DISQUS

Next Big Future: China's cheap $1.565 per Kilowatt Nuclear power and new Cleaner Coal Plants

  • honzik · 11 months ago
    I think the Chinese effort in coal gasification and nuclear energy is one we should probably emulate. In fact, is seems to me that wider acceptance of nuclear requires, in part, an understanding in the coal industry that nuclear won't drive it out of business. We've already seen in Australia lobbying on the part of the coal industry to restrict the growth in nuclear energy production because it sees nuclear as its direct competitor. One alternative route for coal in which nuclear can't compete is gasification and/or coal to liquid fuels. There have been many attempts in the latter, but one that comes to mind is Coskata's process for turning syngas into methanol fuel. So, at least conceivably, such a route is possible.
  • DocScience · 11 months ago
    I suspect that if we exported a few Sierra Club and other NIMBY lawyers to China we could drive up their costs substantially, if not completely destroy their economy.
    Of course, the Chinese government would either kill or imprison the lawyers instead of letting them bring work to a halt as we allow them to do here.
  • nextbigfuture · 11 months ago
    A two for one solution
  • newpapyrus · 11 months ago
    The Chinese are clearly on the right track on nuclear energy but are hurting the environment by continuing to use coal. Urban and rural biowaste combined with hydrogen from the nuclear electrolysis of water would be the cleaner route to carbon neutral synfuel production.

    Marcel Williams
    http://newpapyrusmagazine.blogspot.com/
  • honzik · 11 months ago
    Marcel, I agree with you in principle. There is no way, in the near term, that the coal industry will just go away. That's politically impossible. The idea is to provide coal a lifeline while nuclear is ramped up. Over time, the hope is to reduce coal production to a minimal level.
  • newpapyrus · 11 months ago
    Since its probably going to take several decades for the Chinese to reach the nuclear capacity to totally replace coal electricity with nuclear electricity-- if they ever decide to do so.
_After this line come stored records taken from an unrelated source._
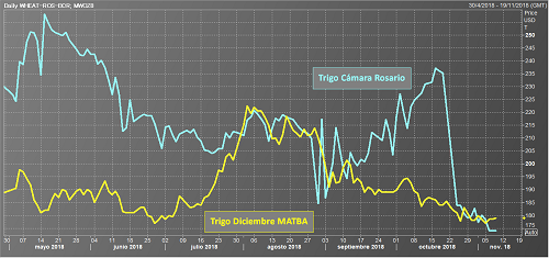 Con el ingreso de los primeros lotes de la nueva campaña, los precios del disponible han convergido a los del futuro diciembre para descarga en los puertos del Gran Rosario que cotizan en MATBA, representativos de la nueva campaña triguera. Al día jueves, la referencia de la Cámara Arbitral de Cereales rosarina quedó establecida en $ 6.200/t, con una variación semanal del (-3%). En MATBA, en tanto, ajustó el jueves a US$ 179,5/t, en tanto que el futuro de referencia que expira en diciembre cerró a US$ 180/t, en ambos casos para la descarga en las terminales portuarias del Gran Rosario.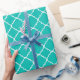 Teal White Large Quatrefoil Pattern Wrapping Paper
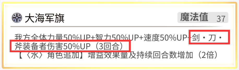4.因为艾尔席儿大海军旗技能只会为刀/剑/斧角色提升武器装备者伤害,而AC杜拿利斯是杖,所以吃不到这个加成,需要其他人给。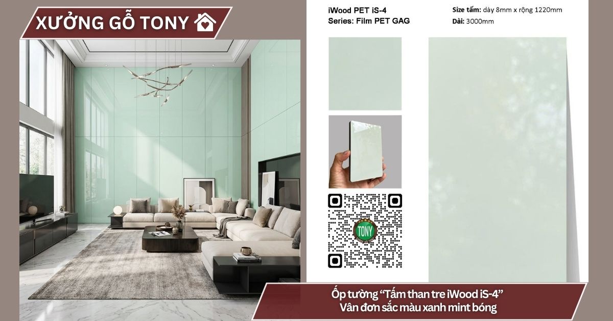 Tấm ốp than tre đơn sắc PET iS-4 gây ấn tượng với bề mặt PET xanh mint bóng cao cấp – gam màu xanh mint (mint green/sage green) với bề mặt PET bóng như gương, mang lại cảm giác tươi mát, thư giãn và rất tích cực. Bề mặt có độ bóng hoàn hảo, mang lại vẻ đẹp fresh luxury, calming và rất sống động.

    But in the US, I would be absolutely against any-- expansion-- of the CO2 polluting coal industry. If we want more electricity in the US then we'd better start building a lot more nuclear, urban biowaste plasma electric power plant, wind, and small hydroelectric facilities. The coal industry in the US needs to die a slow and natural death by gradually replacing those jobs with a steadily growing nuclear and renewable energy economy.